── Records ──
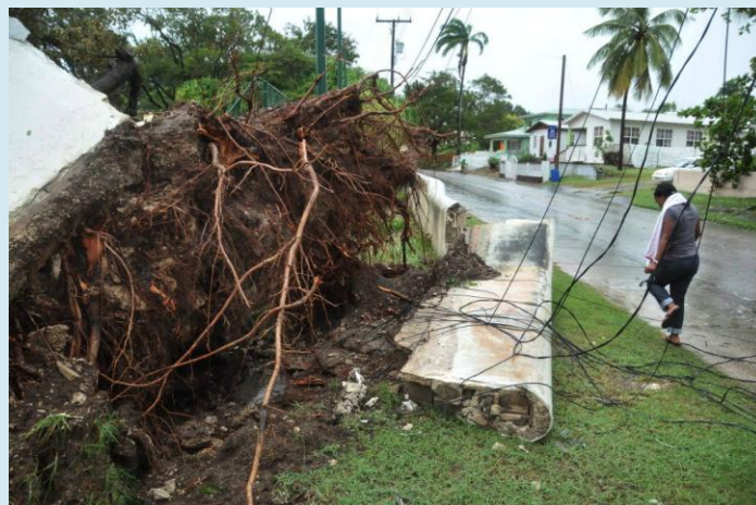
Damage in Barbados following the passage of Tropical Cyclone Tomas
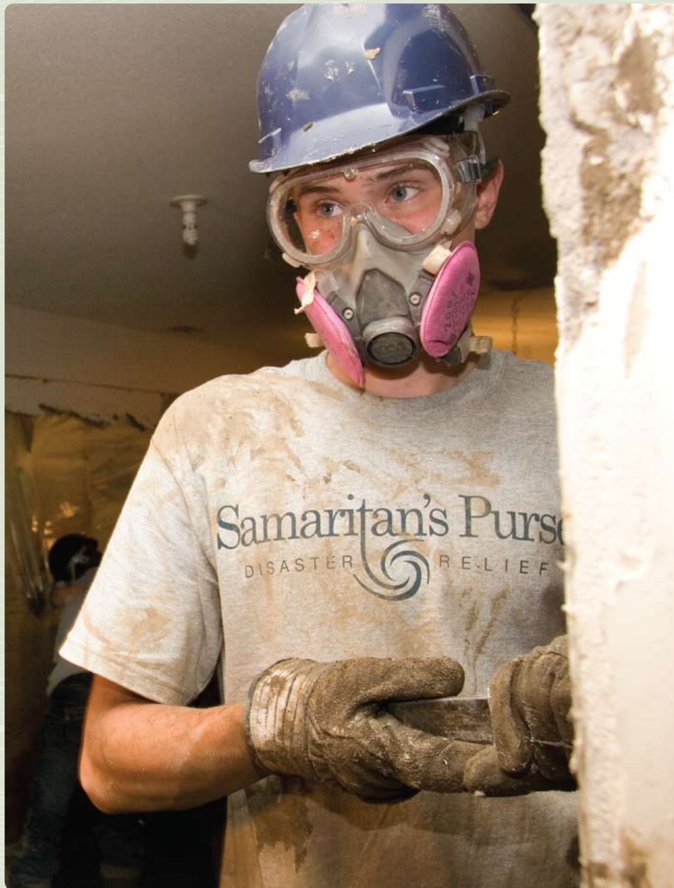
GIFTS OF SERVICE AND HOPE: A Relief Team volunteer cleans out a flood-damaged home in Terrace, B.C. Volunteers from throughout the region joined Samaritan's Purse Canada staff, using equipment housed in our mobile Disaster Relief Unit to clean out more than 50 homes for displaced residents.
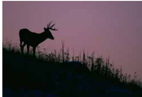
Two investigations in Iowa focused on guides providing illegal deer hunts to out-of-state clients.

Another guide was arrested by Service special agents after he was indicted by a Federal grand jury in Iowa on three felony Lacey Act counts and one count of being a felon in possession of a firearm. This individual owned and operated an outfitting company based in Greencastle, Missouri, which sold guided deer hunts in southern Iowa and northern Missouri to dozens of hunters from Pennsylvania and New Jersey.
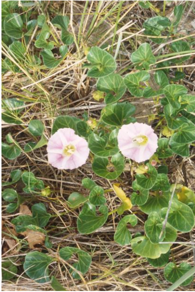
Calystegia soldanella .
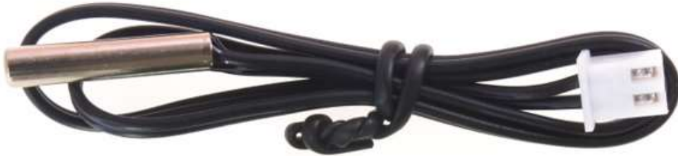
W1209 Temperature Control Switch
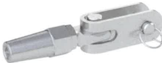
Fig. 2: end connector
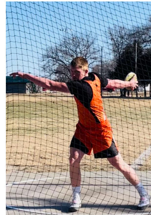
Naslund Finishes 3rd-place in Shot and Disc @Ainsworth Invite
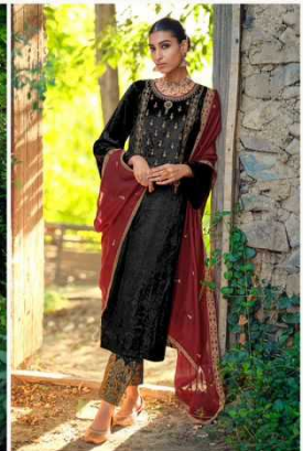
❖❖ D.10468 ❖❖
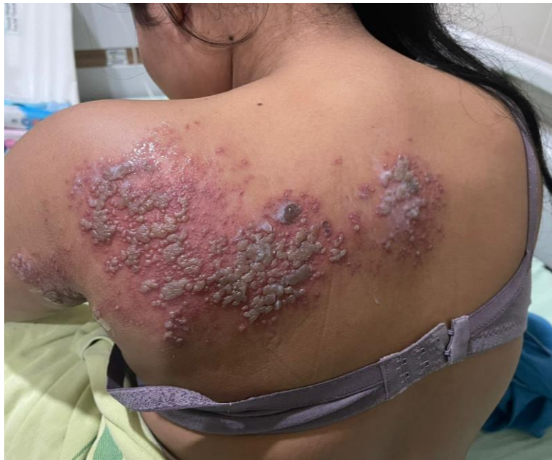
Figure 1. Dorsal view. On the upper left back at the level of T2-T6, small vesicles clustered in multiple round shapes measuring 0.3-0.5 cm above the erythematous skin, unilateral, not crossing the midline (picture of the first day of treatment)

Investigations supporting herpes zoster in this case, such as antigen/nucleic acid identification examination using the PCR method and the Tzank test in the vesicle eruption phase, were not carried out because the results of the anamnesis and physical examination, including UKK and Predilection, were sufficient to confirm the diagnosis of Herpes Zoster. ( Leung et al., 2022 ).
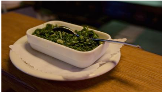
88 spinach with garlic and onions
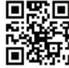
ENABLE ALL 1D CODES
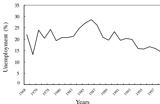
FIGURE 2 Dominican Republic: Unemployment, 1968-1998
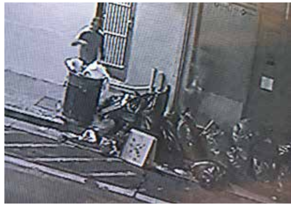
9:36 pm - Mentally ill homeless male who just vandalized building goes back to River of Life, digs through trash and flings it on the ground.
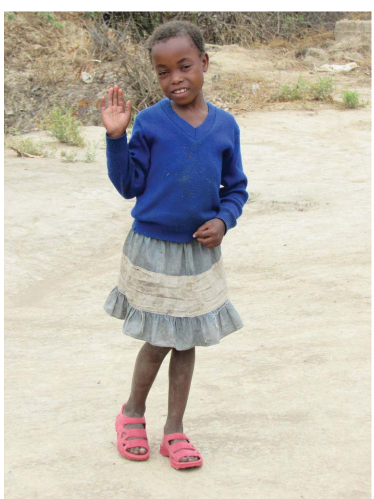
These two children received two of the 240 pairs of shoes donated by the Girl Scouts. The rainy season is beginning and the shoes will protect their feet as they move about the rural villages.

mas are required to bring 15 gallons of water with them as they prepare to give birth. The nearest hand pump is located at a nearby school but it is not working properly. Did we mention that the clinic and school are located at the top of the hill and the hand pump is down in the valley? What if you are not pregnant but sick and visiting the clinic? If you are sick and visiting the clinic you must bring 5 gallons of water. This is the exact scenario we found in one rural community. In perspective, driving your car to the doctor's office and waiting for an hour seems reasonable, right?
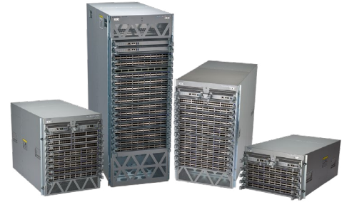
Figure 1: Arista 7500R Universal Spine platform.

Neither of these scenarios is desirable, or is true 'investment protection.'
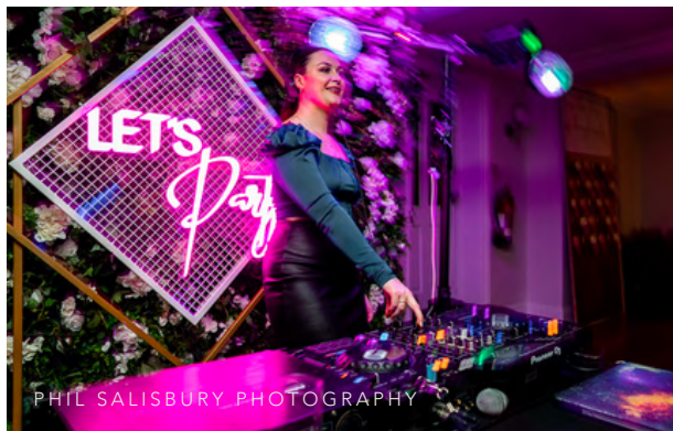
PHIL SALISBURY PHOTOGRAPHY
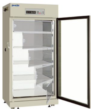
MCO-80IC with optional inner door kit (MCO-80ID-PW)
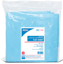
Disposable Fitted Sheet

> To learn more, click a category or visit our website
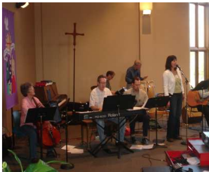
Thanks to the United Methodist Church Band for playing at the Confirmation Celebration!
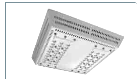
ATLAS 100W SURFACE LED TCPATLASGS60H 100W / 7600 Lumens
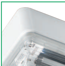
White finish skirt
───
# Work to be completed
The line containing "FIGURE 2 Dominican" marks the end: copy exactly every line from the start of the records up to and including it, leaving out the pictures.

# Solved exercise
Damage in Barbados following the passage of Tropical Cyclone Tomas
GIFTS OF SERVICE AND HOPE: A Relief Team volunteer cleans out a flood-damaged home in Terrace, B.C. Volunteers from throughout the region joined Samaritan's Purse Canada staff, using equipment housed in our mobile Disaster Relief Unit to clean out more than 50 homes for displaced residents.
Two investigations in Iowa focused on guides providing illegal deer hunts to out-of-state clients.

Another guide was arrested by Service special agents after he was indicted by a Federal grand jury in Iowa on three felony Lacey Act counts and one count of being a felon in possession of a firearm. This individual owned and operated an outfitting company based in Greencastle, Missouri, which sold guided deer hunts in southern Iowa and northern Missouri to dozens of hunters from Pennsylvania and New Jersey.
Calystegia soldanella .
W1209 Temperature Control Switch
Fig. 2: end connector
Naslund Finishes 3rd-place in Shot and Disc @Ainsworth Invite
❖❖ D.10468 ❖❖
Figure 1. Dorsal view. On the upper left back at the level of T2-T6, small vesicles clustered in multiple round shapes measuring 0.3-0.5 cm above the erythematous skin, unilateral, not crossing the midline (picture of the first day of treatment)

Investigations supporting herpes zoster in this case, such as antigen/nucleic acid identification examination using the PCR method and the Tzank test in the vesicle eruption phase, were not carried out because the results of the anamnesis and physical examination, including UKK and Predilection, were sufficient to confirm the diagnosis of Herpes Zoster. ( Leung et al., 2022 ).
88 spinach with garlic and onions
ENABLE ALL 1D CODES
FIGURE 2 Dominican Republic: Unemployment, 1968-1998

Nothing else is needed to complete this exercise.